Ideally, at() methods should be implemented using [] operators instead
of direct access to "items", but that is very minor.



> -            ErrorDynamicPageInfo *info = ErrorDynamicPages.items[i - 
> ERR_MAX];
> +            ErrorDynamicPageInfo *info = ErrorDynamicPages[i - ERR_MAX];

This non-performance-critical line surrounded by relatively complex
index logic should use an at() method instead. Again a minor thing.

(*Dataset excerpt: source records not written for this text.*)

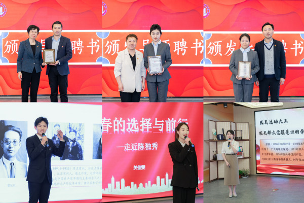 仪式上,东海学院为校外指导专家、“大思政课”实践教学导师颁发聘书,聘请吴毅斌为“大思政课”校外指导专家、倪吉琳为中共四大纪念馆国旗教育展示厅“大思政课”实践教学导师、马家欣为左联会址纪念馆、李白烈士故居“大思政课”实践教学导师。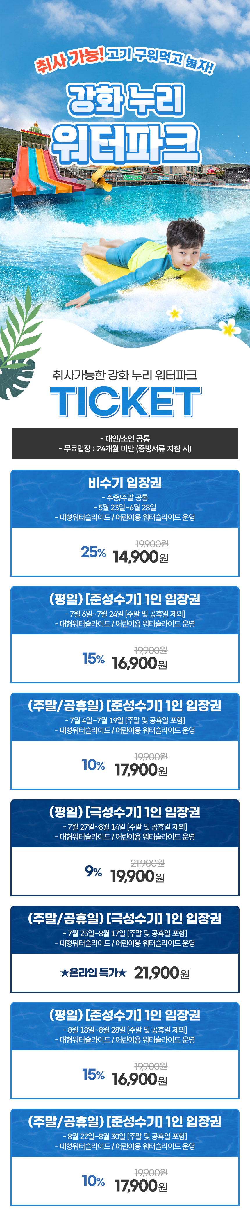 지금 바로 할인된 가격에 누리워터파크로 여름휴가를 떠나보세요!
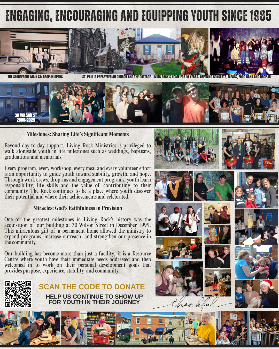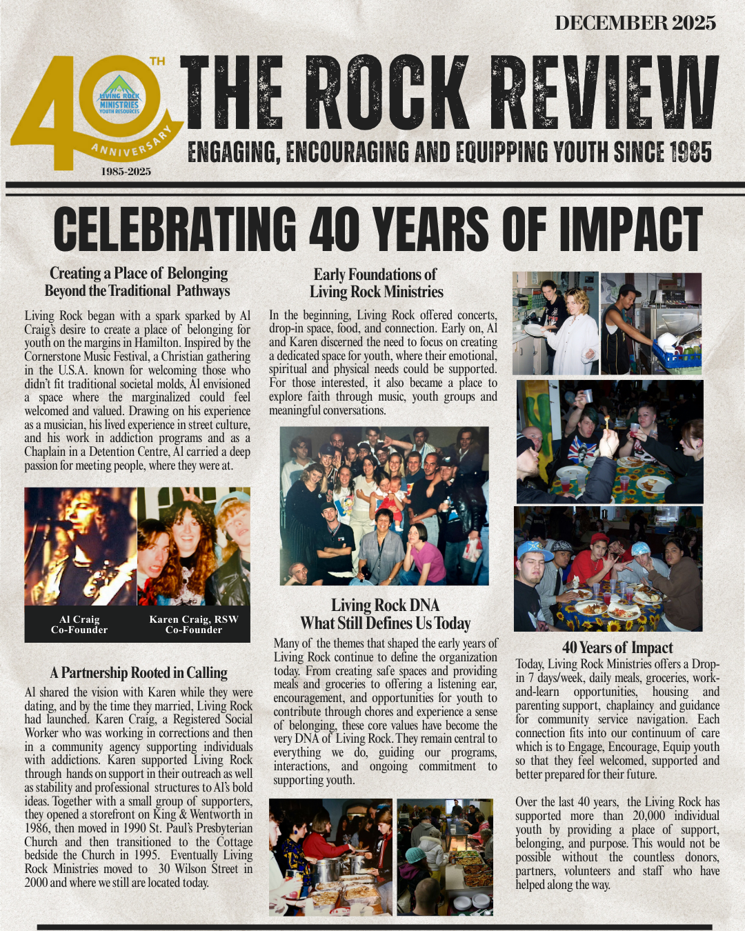 As we celebrate our 40th anniversary, we pause to honour the thousands of youth who have walked through our doors, the community that has journeyed alongside us, and the staff, volunteers, and supporters who have made this work possible. Together, we look forward with thanksgiving and hope—committed to ensuring that Living Rock continues to be a safe, welcoming place for generations to come.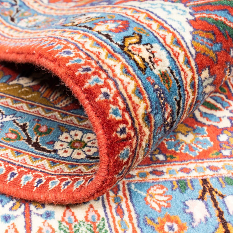 Der handgeknüpfte Teppich aus Moud, einer der größten Städte des Irans, ist ein echtes Kunstwerk. Er wurde aus reiner Naturwolle gefertigt und von erfahrenen Handwerkern sorgfältig geknüpft. Diese hochwertigen Teppiche sind bekannt für ihre außergewöhnlichen Größen und ihre extrem hochwertige Wolle. Neben ihrer Schönheit sind Moud-Teppiche auch äußerst pflegeleicht. Sie können einfach mit einem Staubsauger oder einem Besen gereinigt werden, um Schmutz und Staub zu entfernen. Wenn nötig, kann der Teppich auch mit einem milden Reinigungsmittel und Wasser gereinigt werden. Aufgrund ihrer hohen Qualität und ihrer langlebigen Natur sind Moud-Teppiche eine ausgezeichnete Investition für jeden Teppichliebhaber. Sie sind nicht nur eine schöne Ergänzung für jedes Zuhause, sondern auch eine pflegeleichte und praktische Wahl. Egal, ob Sie sich für einen klassischen oder einen modernen Stil entscheiden, ein Moud-Teppich wird Ihrem Zuhause eine unvergleichliche Eleganz und Stil verleihen.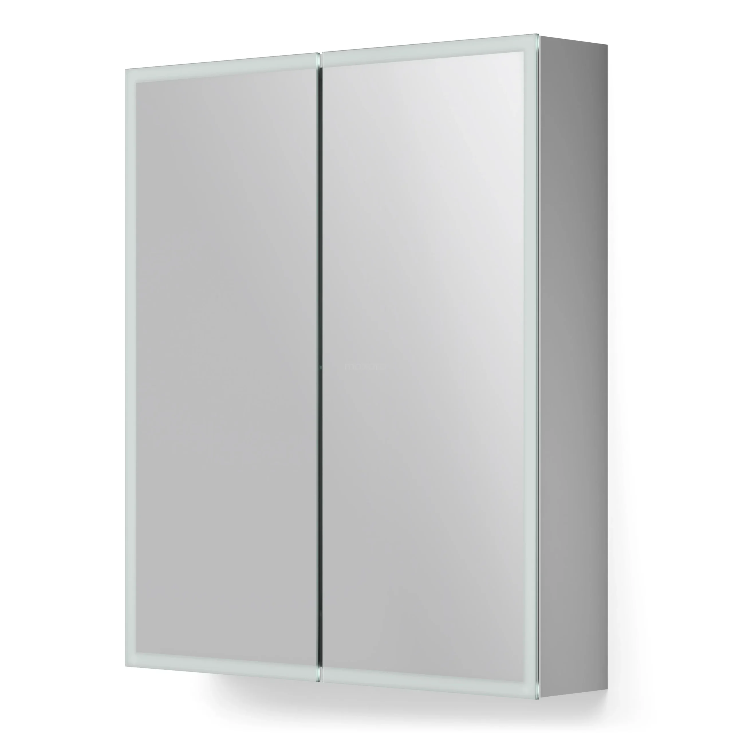 Dit prachtige exemplaar is uitgevoerd in aluminium en heeft een rechthoekig design. De strakke afwerking voorziet de spiegelkast van een minimalistische touch. Hierdoor komt de kast uitstekend tot zijn recht in een moderne stijl. De verlichting rondom de spiegel geeft het geheel een sfeervolle uitstraling. Bovendien zorgt de spiegel voor een ruimtelijk effect in uw badkamer.

> -            theClient->start (tag + 1, (const char **)attributes.items, 
> attributes.size() >> 1);
> +            theClient->start (tag + 1, const_cast<const char 
> **>(attributes.data()), attributes.size() >> 1);

The kind of cast appears to be wrong here: Const_cast<> is normally used
to remove const, not add it. It is not used to change the type.

Also, .data() is a C++11 method. Should we avoid those for now? To be
compatible with older STLs, you may use the address of vector[0] instead
AFAICT.


All of the above can be addressed during commit IMO.


Thank you,

Alex.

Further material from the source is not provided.